Thursday, June 23, 2011

Thursday Oil Market Analysis

Last week, I noted that oil finally moved through the 96/98 price level, which had been providing major support for a few weeks. This move signaled a shorting opportunity. However, underlying the oil market is this change in the underlying fundamentals:

This is something I've been talking about for some time: increased demand from the developing world is providing a floor for oil prices. That being said, let's take a look at the charts:


Oil prices have clearly moved through technical support and are now resting in the 92-94 price area. All the EMAs are moving lower and the shorter EMAs are below the longer EMAs. Prices are using the EMAs for technical resistance, another bear market characteristic. Momentum is weak. But most importantly, prices are below the 200 day EMA, the line delineating the difference between a bull and bear market.


On the 5-minute chart, the 95/95.5 are is providing upside resistance. This was the lower boundary of previous support. The 93 area is providing short-term support. However, the primary trend from last week is one of sideways consolidation.

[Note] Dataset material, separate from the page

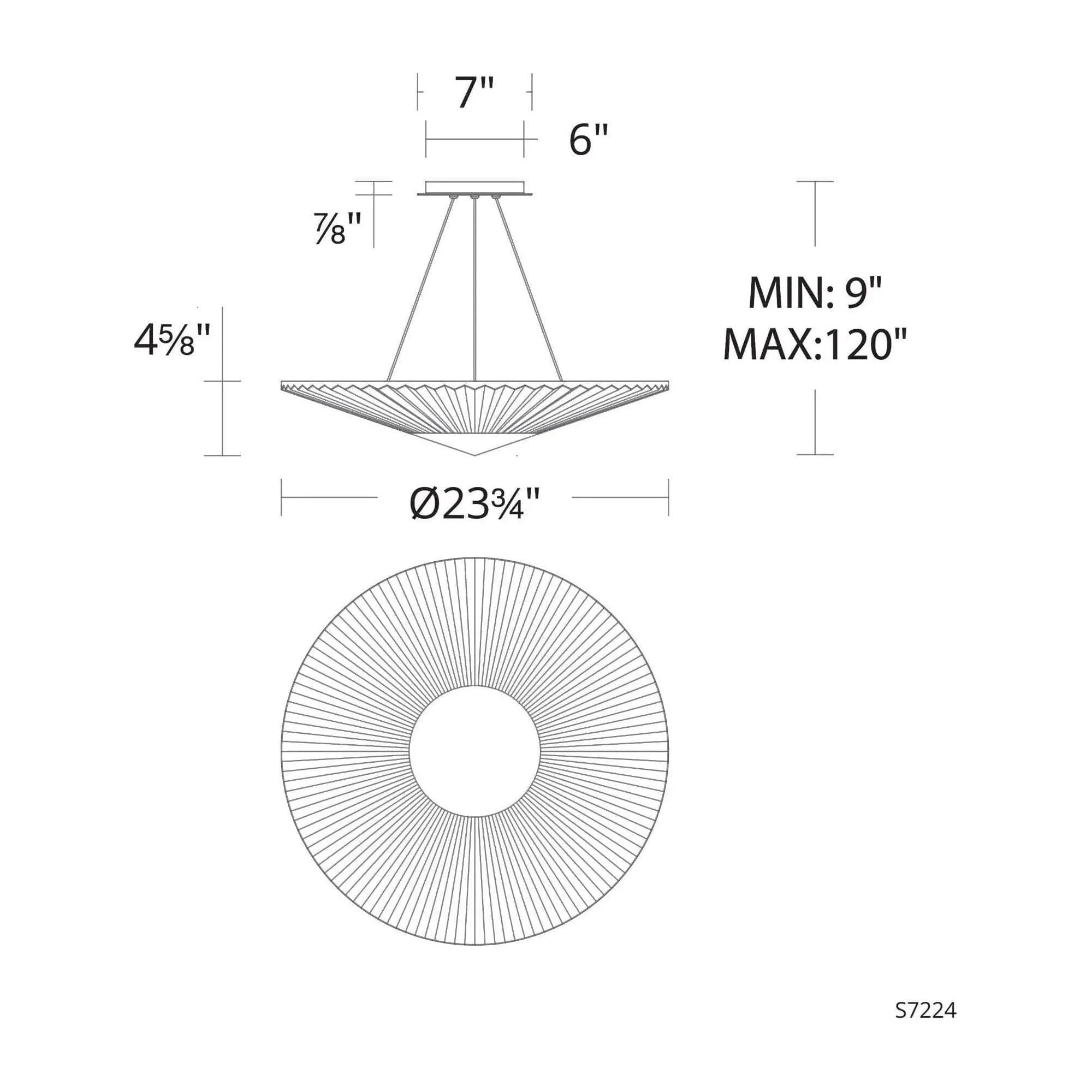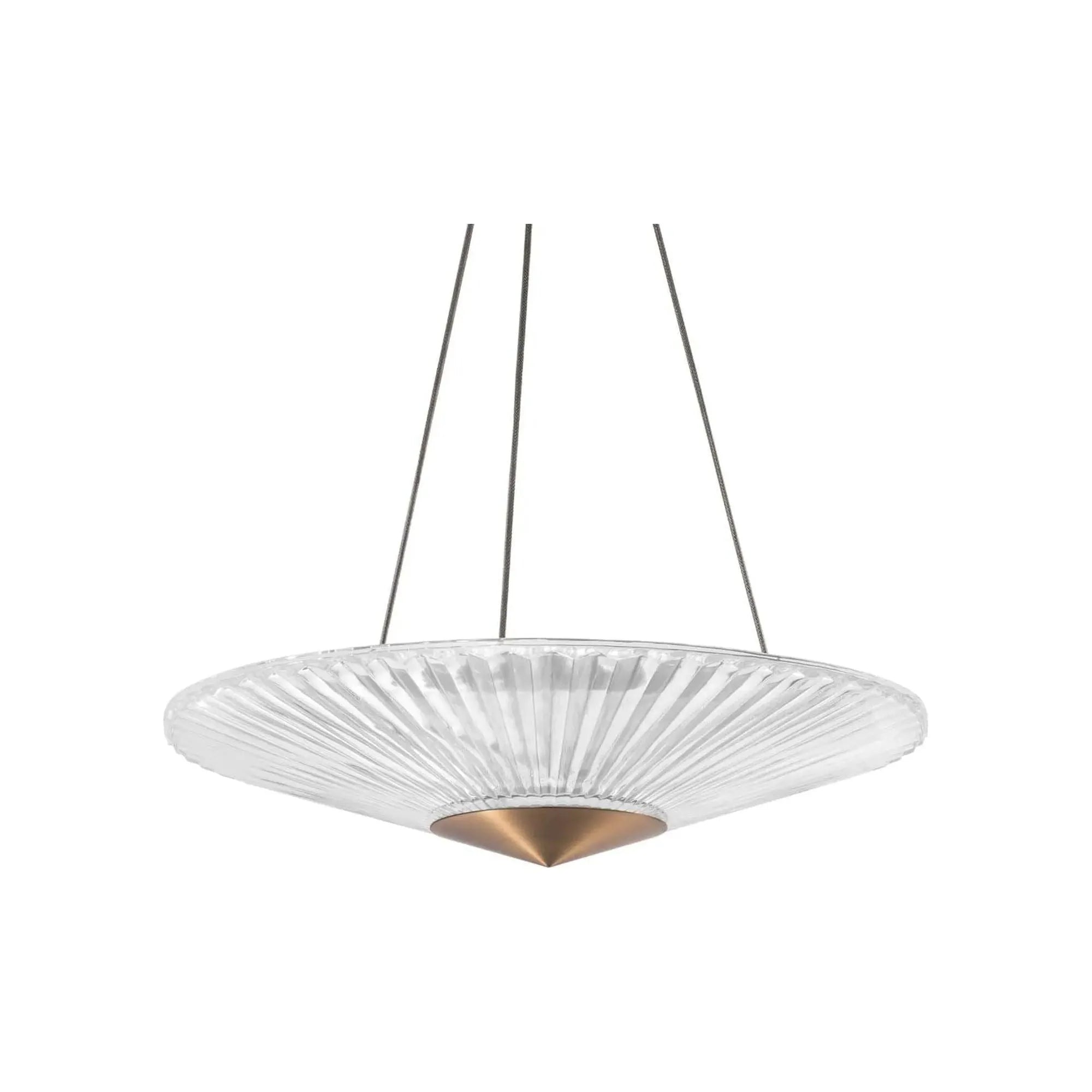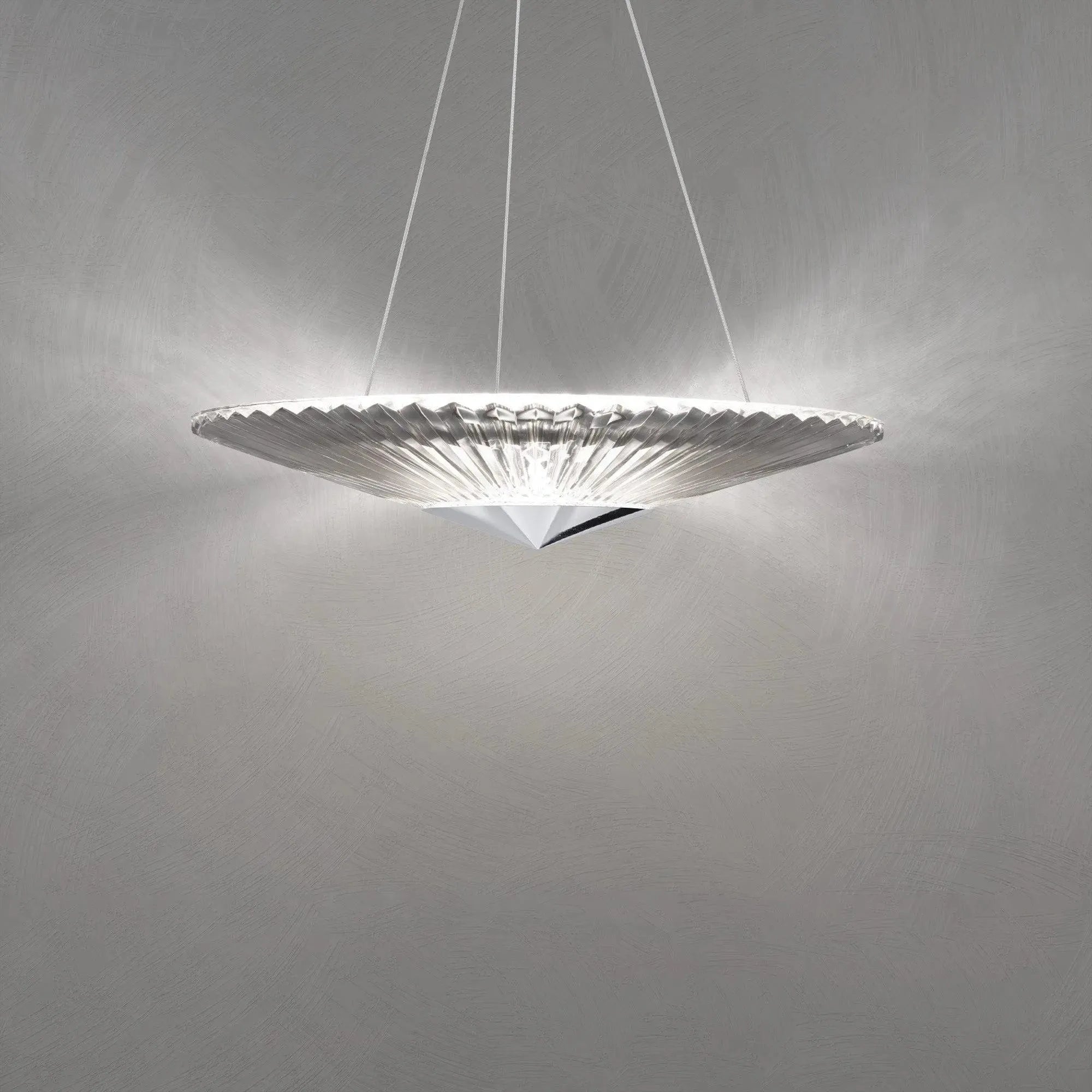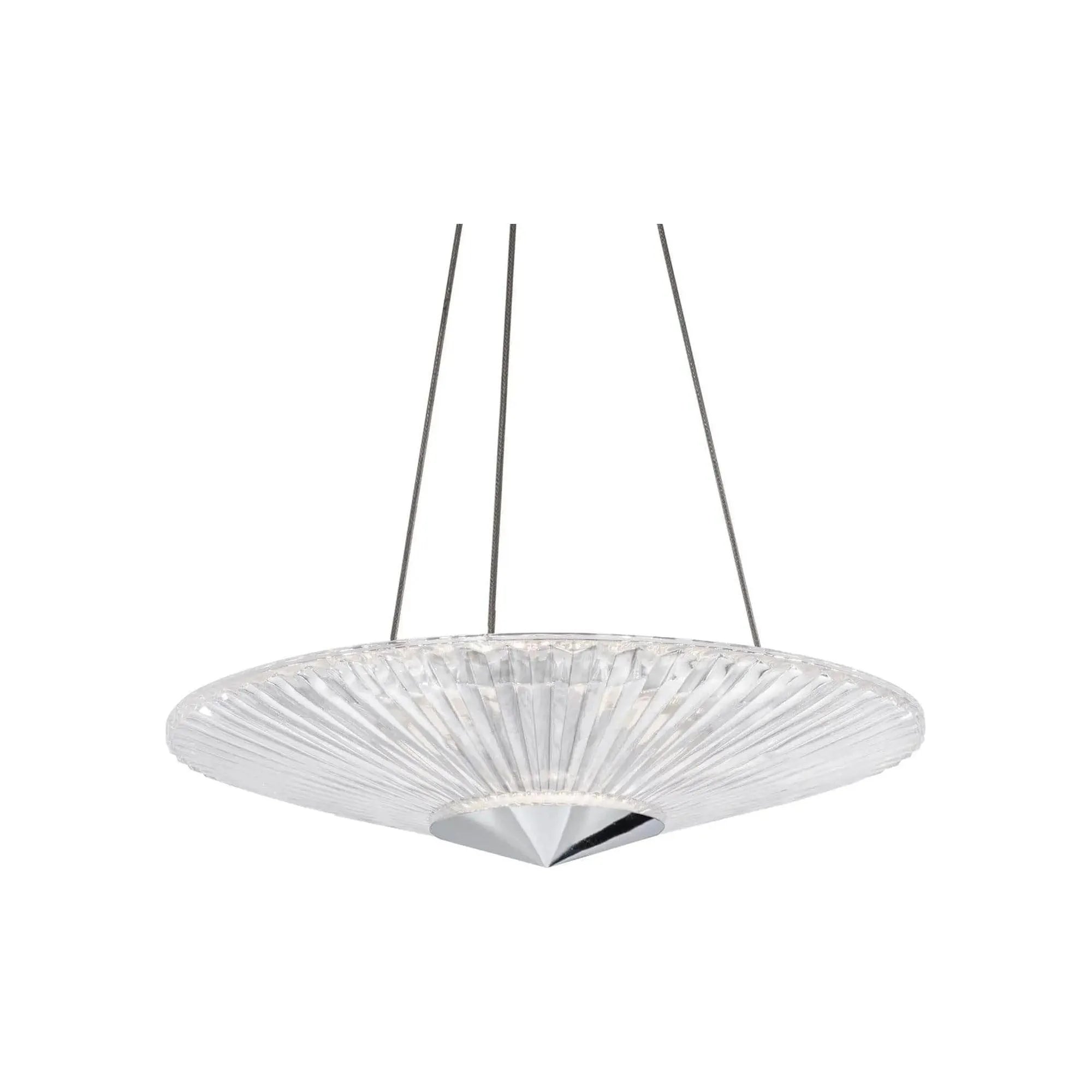 Calming and prescient, Origami proffers a simple elegance. Folds in the patterned Schonbek handcut crystal glass shade illuminate as prisms to bend light. Integral LEDs discreetly offer generous indirect illumination from behind a reflector plate finished in luxurious Aged Brass or Chrome.

The oil market is caught between two different issues. In the short-term, there is concern about the pace of expansion. Lower growth = lower oil demand = lower prices. However, as I pointed out above, there has been a strong, fundamental, long-term shift in the world's oil demand as countries like India and China have grown with their demand has supplementing US/EU demand, providing a long-term floor under prices. But currently, these countries are also tying to slow growth due to increased inflationary pressures within their respective countries. In other words, there is currently a great deal of negative sentiment weighing down oil prices.

1 comment:

esong_98 said...

The IEA announced that it was going to release 60 million barrels of oil next month. Hopefully, this will cause speculators to sell on the oil markets. I believe speculators will start bringing oil prices down if somehow the international community can remove Ghadafi from power. From the perspective of oil prices, Obama's Lybia policy has been a mistake.

Another factor causing pressure on oil prices to fall is the high probability of a double dip recession. Once again, the job claims data was poor. I expect the next jobs report in July to be very weak. I can see the unemployment rate moving up to 9.2 or 9.3 percent. The odds that the Republicans will retake the White House in 2012 in my estimation is now better than 50-50. However, Obama still has the best chance to be president in February, 2013 than any single other candidate.

The economy may be in a depression. A depression need not be a single severe recession. In fact, most depressions are a tale of multiple recessions. For example, the Great Depression was a tale of two recessions, 1929 and 1937. At the very least, the US economy has been in a period like Japan's lost decade.